A Neti–Neti Decision Procedure for Samāsa Identification: A Context-Based Study of śvetāmbara
Dr. Pijus Kanti Pal
Assistant Coordinator,
Indian Knowledge Systems Division
Ministry of Education,
Government of India, New Delhi
Emails: pal.pijuskanti@gmail.com; asstcoordinator1@iksindia.org
Abstract:
Samāsa (compound formation) is one of the most extensively discussed and time-consuming topics in learning Sanskrit grammar, as encapsulated by the Bengali proverb samāsa lāge chamās (‘samāsa takes six months’). This paper interrogates whether this difficulty is inherent or stems from the topic’s breadth and context-dependence. It argues that analysis is challenging primarily because: (a) the Pāṇinian tradition presents a large search space of categories, (b) a single surface-form often permits multiple valid analyses, and (c) discourse context frequently determines the correct interpretation.

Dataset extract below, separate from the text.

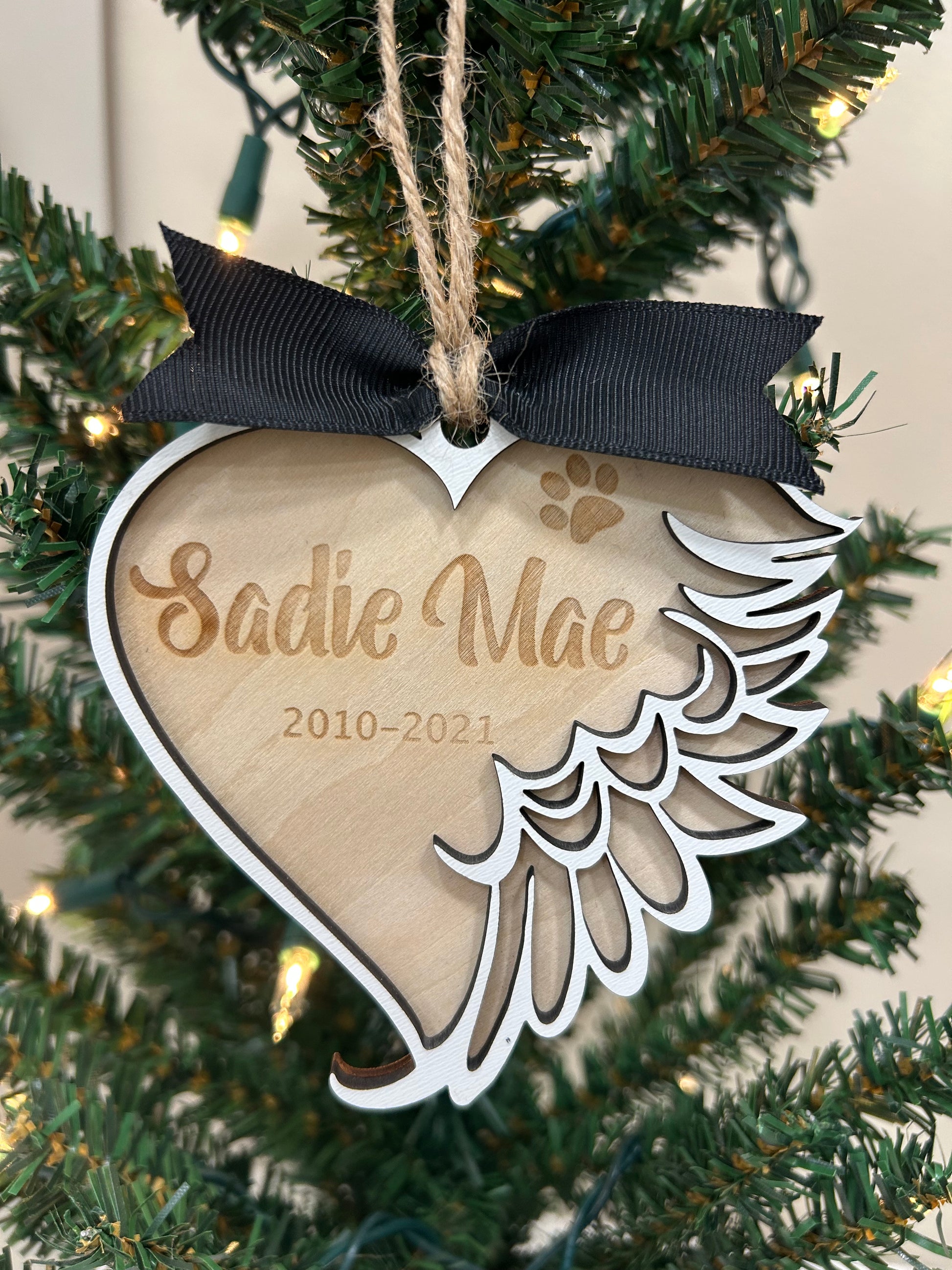 This laser-engraved heart ornament honors “Your loved pet” with delicate angel wings and a paw print. It’s a loving pet memorial keepsake.

To address this, the paper proposes a rule-guided elimination procedure—an algorithmic approach to samāsa identification. This study introduces a stepwise elimination strategy, resembling neti neti (‘not this, not this’), which systematically narrows candidates using morphological and semantic cues (e.g., avyaya markers, negation, numerals, kāraka-relations, and gender agreement). The compound śvetāmbaraṃ serves as a case study, shown to be a samānādhikaraṇa karmadhāraya (under Aṣṭādhyāyī 2.1.57) in one context and a anyapadārthapradhāna bahuvrīhi (under 2.2.24) in another, with gender-marking aiding disambiguation. The paper provides a curated pedagogical inventory of 44 samāsa categories and 448 annotated examples.